--- Available data Enclosed Below ---

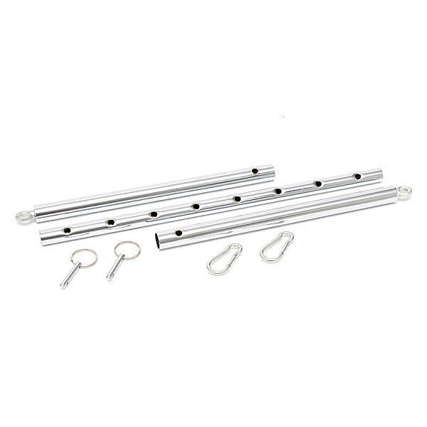 Kromipäällystetty metalliputki levittää kädet tai jalat riittävän kauaksi toisistaan! Metalliputken päissä on metallirenkaat, joihin saa kiinnitettyä pikalukituksella olevat karabiinikoukut (pakkauksen mukana). Karabiinikoukkujen ansiosta käsi/jalkakahleiden kiinnittäminen putkeen on helppoa. Levittäjä on säädettävissä 55 - 85 sentin välillä.
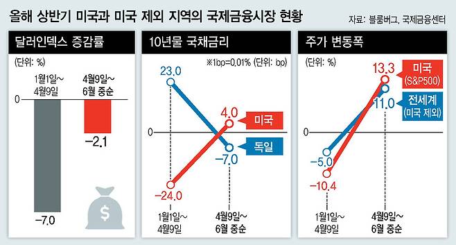 트럼프 행정부의 상호 관세 정책 불확실성과 지난 1분기 미국 경제의 역성장, 재정적자 악화 우려로 주식·자금·채권시장에서 미국의 초강세 지위가 흔들리는 현상이 감지되고 있다는 것이다.
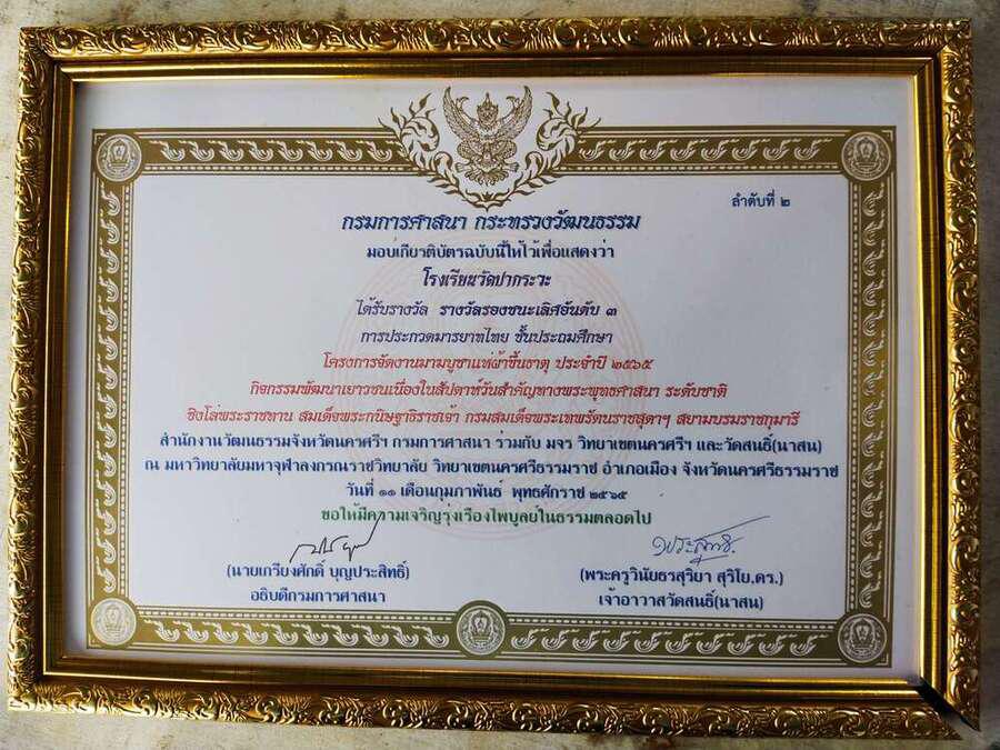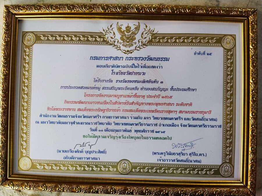 โรงเรียนวัดปากระวะ เข้าร่วมกิจกรรมพัฒนาเยาวชนเนื่องในสัปดาห์วันสำคัญทางพระพุทธศาสนา ระดับชาติ ชิงโล่พระราชทาน สมเด็จพระกนิษฐาธิราชเจ้า กรมสมเด็จพระเทพรัตนราชสุดาฯ สยามบรมราชกุมารี ณ มหาวิทยาลัยมหาจุฬาลงกรณราชวิทยาลัย วิทยาเขตนครศรีธรรมราช โดยเข้าแข่งขัน 2 รายการ คือการประกวดมารยาทไทย และการสวดมนต์หมู่ สรรเสริญพระรัตนตรัย ทำนองสรภัญญะ ในวันที่ 11 กุมภาพันธ์ 2565 ได้รับรางวัลรองชนะเลิศอันดับ3 ทั้ง 2 รายการ #ส่งเสริมการเรียนรู้ของผู้เรียนในทุกๆด้าน #โรงเรียนวัดปากระวะ #โรงเรียนของชุมชน S:0
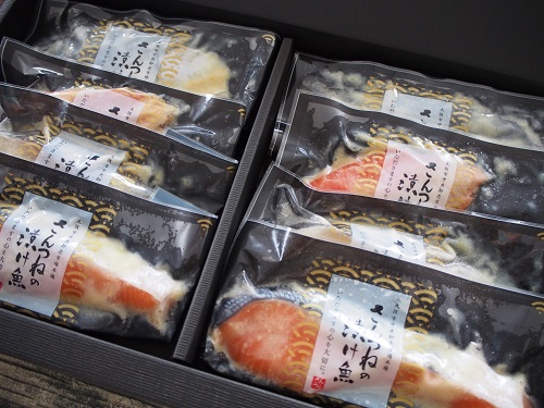 ぎんだら・さけ・さわら・きんめ鯛の4種類が各2コずつの計8コ入っています。
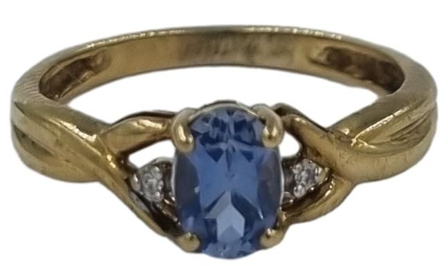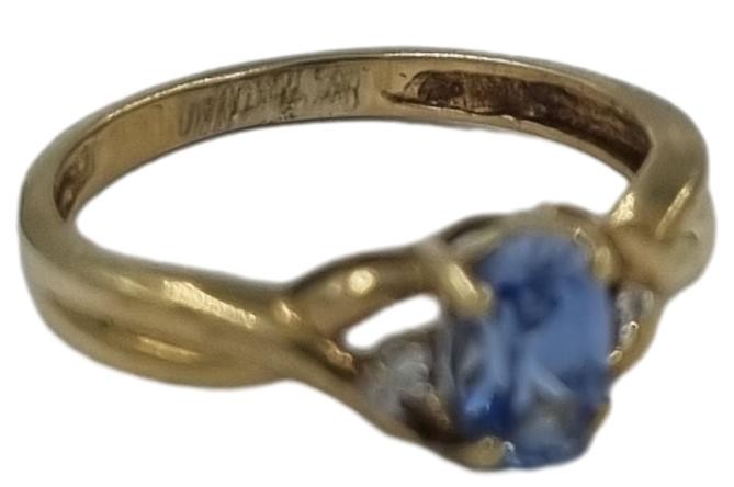 This 9 karat yellow gold ring features a unique design with a blue centre stone accented by two clear stones. Weighing a lightweight 1.23 grams, this ring has a hallmark of .375 and a size H fitting.

--- End of Enclosed Available data ---

[Description of the task]:
Restate, word for word, each line from the line containing "ぎんだら・さけ・さわら・きんめ鯛の4種類が各2コずつの計8コ入っています。" through the end of the entries above; the pictures are not part of the copy.

[Answer space]:
 ぎんだら・さけ・さわら・きんめ鯛の4種類が各2コずつの計8コ入っています。
 This 9 karat yellow gold ring features a unique design with a blue centre stone accented by two clear stones. Weighing a lightweight 1.23 grams, this ring has a hallmark of .375 and a size H fitting.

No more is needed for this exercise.